More Information about Phoenix Contact Miniature Circuit Breakers

Electronic device circuit breakers are ideal for protecting PLCs, sensors, actuators, motors, valves and relays. Thermomagnetic device circuit breakers are ideal for protecting PLCs, frequency inverters, motors and valves. Thermal device circuit breakers provide protection for inductive loads against overload in power distribution systems, manufacturing systems and control cabinet engineering.

FAQs

Do Phoenix Contact miniature circuit breakers require a separate power supply?

These circuit breakers do not require a separate power supply to operate. Instead, they are installed into the circuit they are protecting.

Trip Curve Basics Part 1

There are two critical elements in miniature circuit beakers.

Bimetal strip

This strip has two dissimilar metals attached to one another. When a prolonged overcurrent occurs, these metals begin to bend. Because the metals are different, the rate at which they bend is different, therefore causing the strip to bend. If this bending occurs long enough, the bending strip will disrupt the electrical contacts inside the breaker, causing it to trip.

Coil or solenoid

The coil or solenoid is designed for larger overcurrent events like a short circuit or lightning strike. When a large overcurrent event occurs, the plunger in the solenoid is actuated, thereby tripping the breaker.

What is a trip curve?

It is both the prolonged overcurrent protection from the bimetal strip and the higher spikes in voltage and current protection from the solenoid that make up the circuit breakers trip curve. How fast or slow these events occur determines the shape of the curve. A trip curve is simply a graphical representation of the expected behavior of a circuit protection device, in this case, a circuit breaker.
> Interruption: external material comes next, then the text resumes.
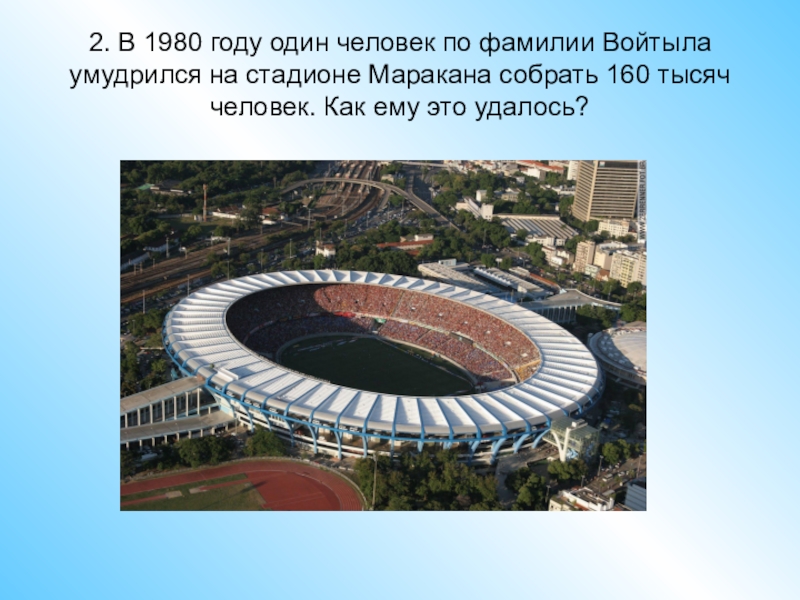 2. В 1980 году один человек по фамилии Войтыла умудрился на стадионе Маракана собрать 160 тысяч человек.

This graphical representation looks at two separate pieces of data to provide the information needed to understand when a particular breaker will trip. The first is time, more specifically, the time the circuit breaker experiences a certain amount of overcurrent. The second is the amount of current. In this case, how much more current is passing through the breaker than the protection device is actually rated for.